> _DATASET EXTRACT_
--- START ---

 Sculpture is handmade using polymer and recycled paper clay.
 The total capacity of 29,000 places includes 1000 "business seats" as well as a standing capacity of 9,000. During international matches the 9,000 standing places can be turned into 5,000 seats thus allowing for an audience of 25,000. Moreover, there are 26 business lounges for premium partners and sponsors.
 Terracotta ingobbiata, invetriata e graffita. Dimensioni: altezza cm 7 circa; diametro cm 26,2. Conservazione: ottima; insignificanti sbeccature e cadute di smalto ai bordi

--- END ---
--- START ---

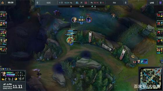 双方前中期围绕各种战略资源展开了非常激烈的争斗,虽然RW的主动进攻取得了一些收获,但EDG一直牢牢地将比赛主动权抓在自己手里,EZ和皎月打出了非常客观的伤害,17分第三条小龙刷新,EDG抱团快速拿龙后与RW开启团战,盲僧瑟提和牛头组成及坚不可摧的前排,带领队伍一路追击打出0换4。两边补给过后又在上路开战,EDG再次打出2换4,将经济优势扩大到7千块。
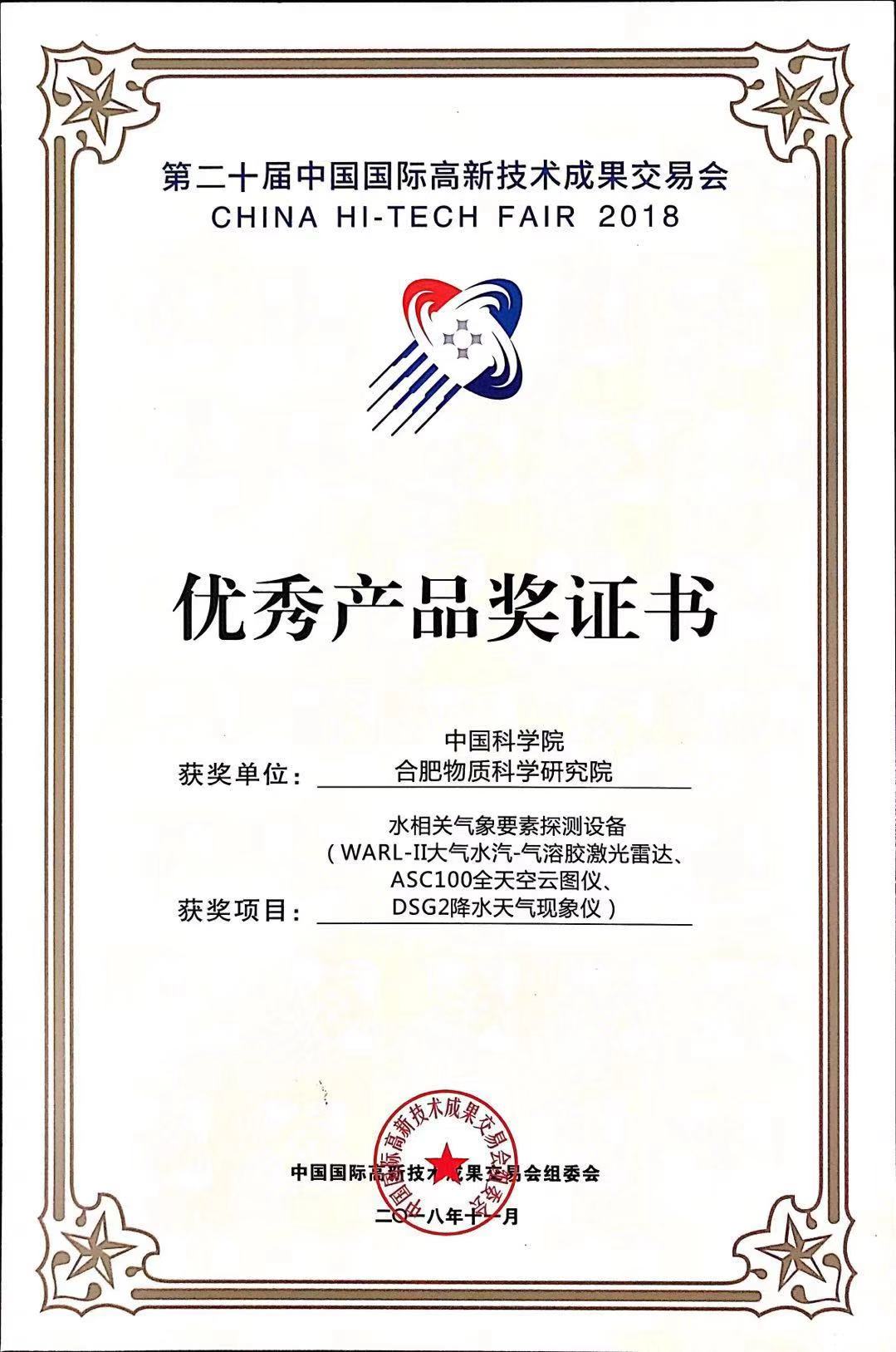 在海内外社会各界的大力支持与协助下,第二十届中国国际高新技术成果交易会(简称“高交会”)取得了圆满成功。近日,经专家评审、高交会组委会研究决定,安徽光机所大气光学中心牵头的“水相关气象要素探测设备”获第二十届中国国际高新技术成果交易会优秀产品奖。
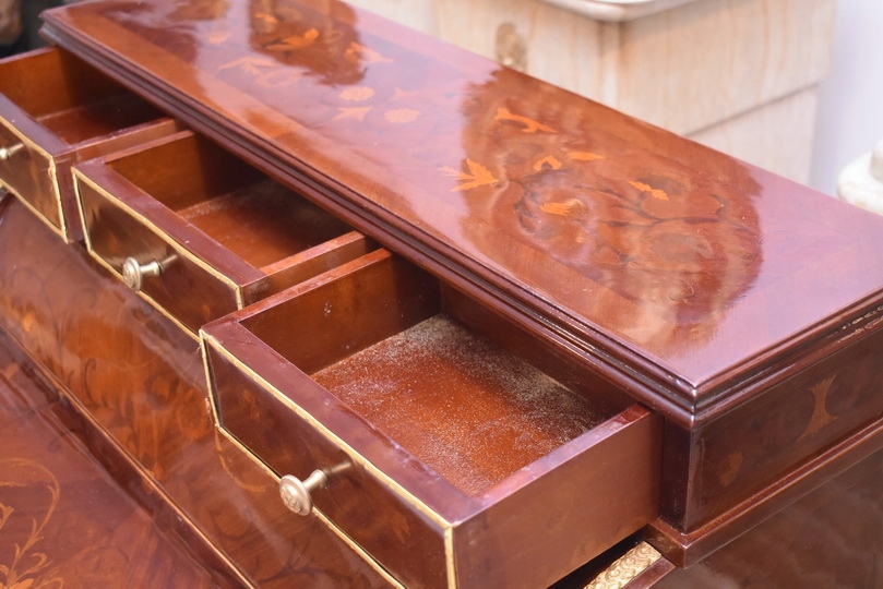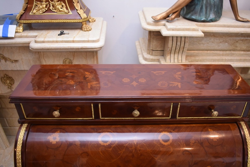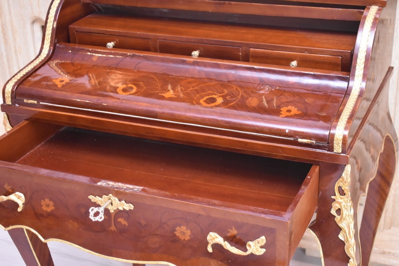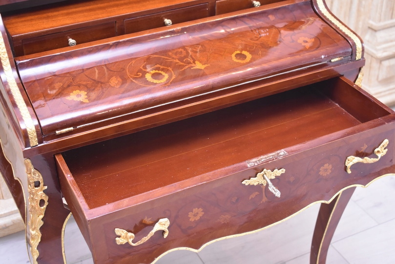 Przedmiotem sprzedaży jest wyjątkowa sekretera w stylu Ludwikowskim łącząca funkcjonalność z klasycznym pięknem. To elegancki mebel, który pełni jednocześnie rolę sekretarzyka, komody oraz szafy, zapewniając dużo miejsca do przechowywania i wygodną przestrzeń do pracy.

--- END ---
--- START ---

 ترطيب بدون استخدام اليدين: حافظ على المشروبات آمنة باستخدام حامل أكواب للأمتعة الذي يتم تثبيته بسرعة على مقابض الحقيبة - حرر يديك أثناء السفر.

--- END ---

> _TASK STATEMENT_
Copy out, exactly and alone, the lines of the entries above between the ones holding "Sculpture is handmade" and "Terracotta ingobbiata, invetriata", inclusive.

> _ANSWER TO THE EXERCISE_
 Sculpture is handmade using polymer and recycled paper clay.
 The total capacity of 29,000 places includes 1000 "business seats" as well as a standing capacity of 9,000. During international matches the 9,000 standing places can be turned into 5,000 seats thus allowing for an audience of 25,000. Moreover, there are 26 business lounges for premium partners and sponsors.
 Terracotta ingobbiata, invetriata e graffita. Dimensioni: altezza cm 7 circa; diametro cm 26,2. Conservazione: ottima; insignificanti sbeccature e cadute di smalto ai bordi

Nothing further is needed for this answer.